The dwindling number of fans would suggest that the faithful believe the direction they're going in is ever downwards. The only hope for Aberdeen is that Turnbull and Leighton are proven right and that their biggest problem is a managerial one. If Booth is right and it's infinitely more complex than that, then the Dons are in for a lot more misery and a lot more black comedy.

Posted

Good to hear from Eddie Turnbull. Was the msanager I first remember, appointed before I was old enough to appreciate footbsall,  but I do remember 1970 fondly.

 

Sadly, nowadays, you cant walk into a club and effectively sack 17 players cos they're shite, then replace them, however, I worry, it's what needs to be done!

Posted

Okay then. I reckon this is gonna be a pretty easy list.

 

If you could sack any 17 players from the current Dons squad ... who would they be?

 

Im sure everyones No.1 would be Ifil

Posted

Admittedly I've nae seen this squad in person. I've only listened to seven matches this season, and watched one on the tele. the rest of my knowledge is only based on what I've read in the papers and on DT. Therefore, my opinion probably isn't really on-the-mark, so to speak. But correct me if I'm wrong in thinking the following eleven need to go (and there could be more!):

 

Jamie Langfield

Rory McArdle

Yoann Folly

Zander Diamond

Andrew Considine

Scott Vernon

Darren Mackie

Derek Young

Jerel Ifil

Michael Paton

Mark Howard

 

 

Posted

Ifil, Howard, Langfield, Diamond, Young and Mackie would be the first ones I would have out the door. Velicka would also be on his way back to the Huns and Foster back in squad. 

Posted

Yet Mackie scores one goal per season and he stays. And Young does one rally-call in the press per year and he gets labelled with "valuable squad player" for yet another year.

 

It's not necessarily just down to ability though. It's attitude. I think the time has come for Mackie and Young to leave (some time ago really), but they are far from the biggest problems at the club and others have to be shipped out first.

Posted

Admittedly I've nae seen this squad in person. I've only listened to seven matches this season, and watched one on the tele. the rest of my knowledge is only based on what I've read in the papers and on DT. Therefore, my opinion probably isn't really on-the-mark, so to speak.

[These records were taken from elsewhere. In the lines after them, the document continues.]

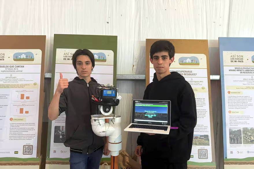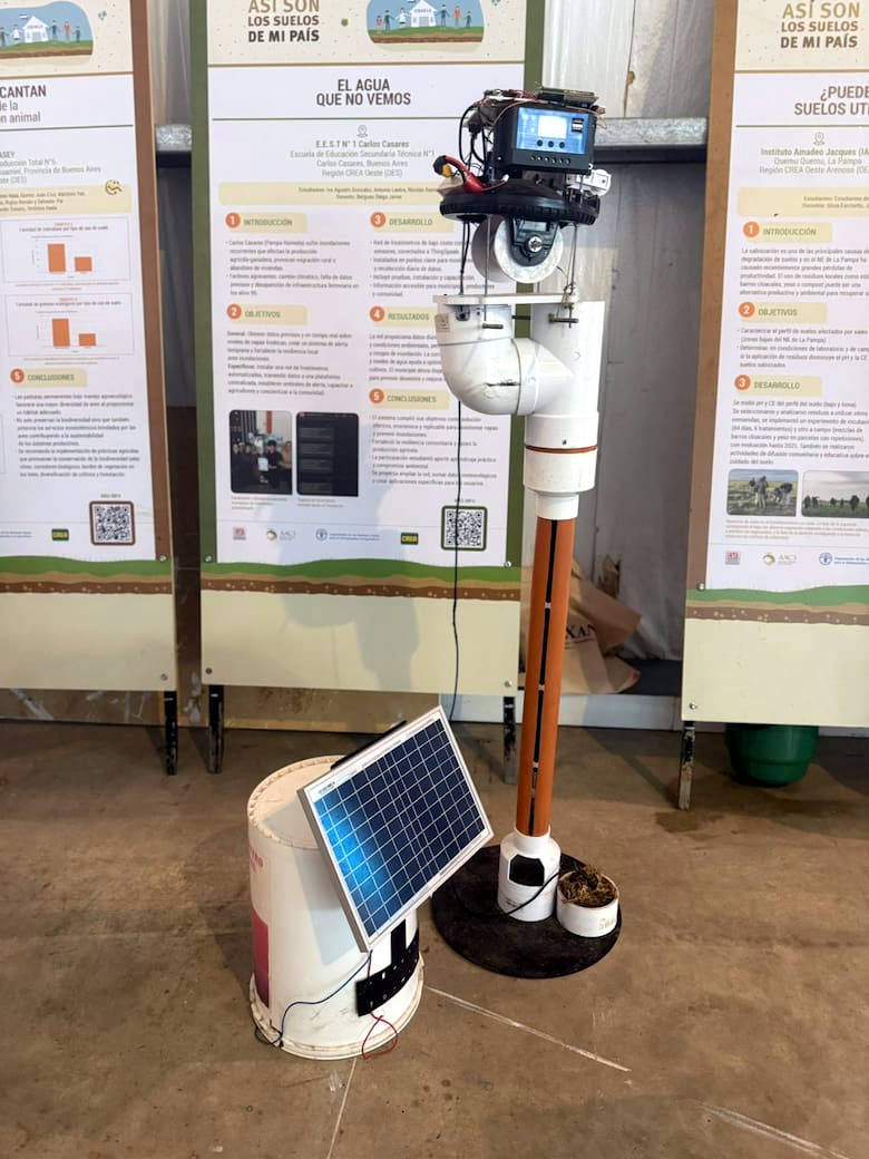 Lo que empezó en el club de robótica de la escuela, hace varios años, terminó convirtiéndose en un desarrollo tecnológico que hoy despierta el interés de productores, técnicos y empresas del agro. En el pasillo central del Congreso CREA en Tecnópolis, Nehemías Vecino, de 18 años, y Gustavo Martín, de 17, mostraban un prototipo armado con caños, cables y un pequeño panel solar. A cada rato se acercaba alguien a preguntarles qué era esa estructura y ellos respondían con entusiasmo, casi como si disfrutaran repetir una y otra vez, la explicación: “Es un freatímetro automatizado, mide el nivel de la napa freática en tiempo real y envía alertas por mensaje de texto o a través de una página web”. Sirve para tomar decisiones sobre los cultivos por sembrar como también para estar atentos a riegos de inundaciones.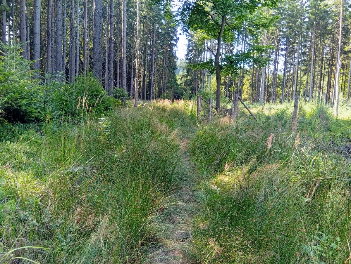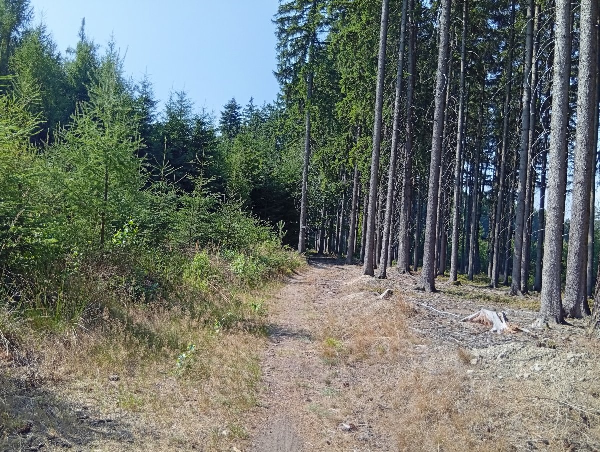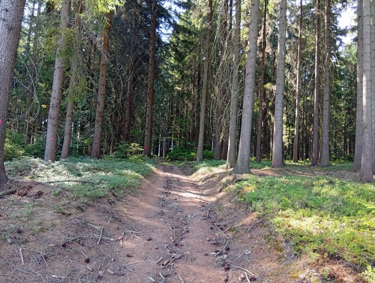Druhá část - 7 km po červené značce od Dětřichovské hájenky k restauraci U Tety na Hřebči.
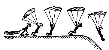Это совсем просто: не верьте тому моменту, когда парашют поднимает вас вверх при повышении скорости бега. Приготовьтесь внутренне к тому, что вам придется бежать весь путь вниз к подножию холма. Пусть для вас будет полной неожиданностью вдруг оказаться над землей, но и тогда не верьте этому, продолжайте бежать в воздухе некоторое время, как бы ожидая падения, что может случиться и случается.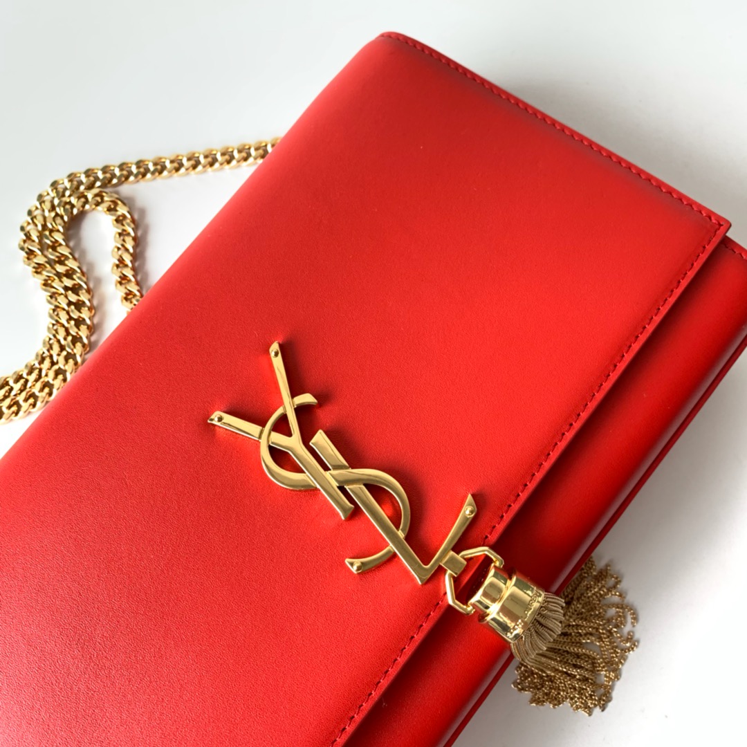 YSL 圣罗兰 24cm 经典 百搭KATE流苏链条包 377829 红色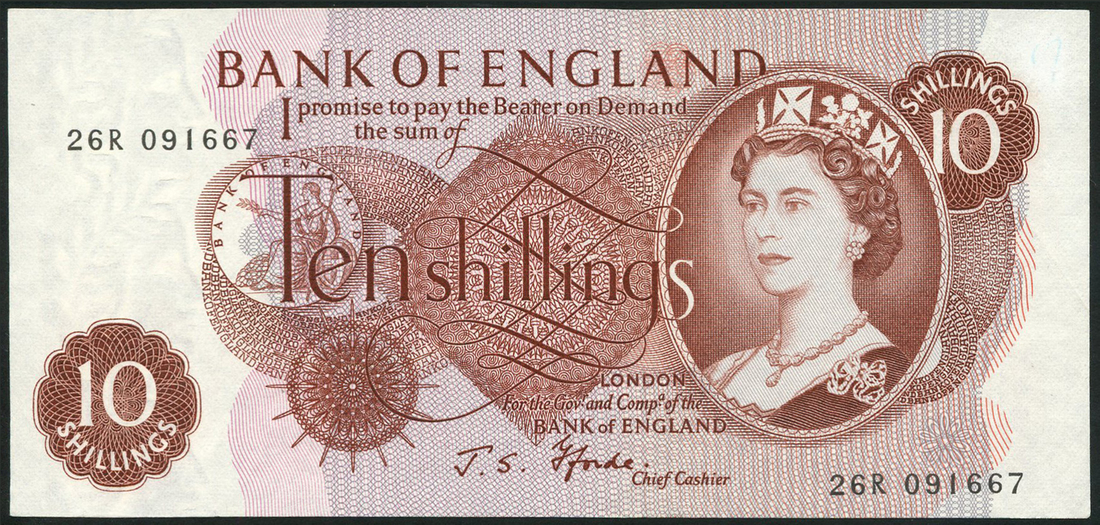 Bank of England, J S Fforde, 10 shillings, ND (1967), serial number 26R 091667 and D37N 643338, reddish brown, portrait Queen Elizabeth II at right, seated Britannia centre left, value in ornate circular frames low left and top right, reverse, Britannia at centre

But correct me if I'm wrong in thinking the following eleven need to go (and there could be more!):

 

Jamie Langfield

Rory McArdle

Yoann Folly

Zander Diamond

Andrew Considine

Scott Vernon

Darren Mackie

Derek Young

Jerel Ifil

Michael Paton

Mark Howard

 

Would Agree with most of that, Although if we are binning strikers surely best to bin the ones that arnt scoring?

 

However Folly has been our best player from what i have seen this season and Mccardle is still a decent player. Would add aluko to that list And Magurie if he doesnt pull his socks up and start grafting.

 

 

Posted

Folly, Considine and Vernon have not done much wrong to deserve being on your list Reekie, but all can still contribute a bit more.  I'd go as far as saying that every name on that list could potentially have a future at the club with the right management, with the obvious exception of Ifil of course.

 

We need to be strengthened in every single department, this much is true, but a mass clearout is not the answer, we'd be back to square one if that happened.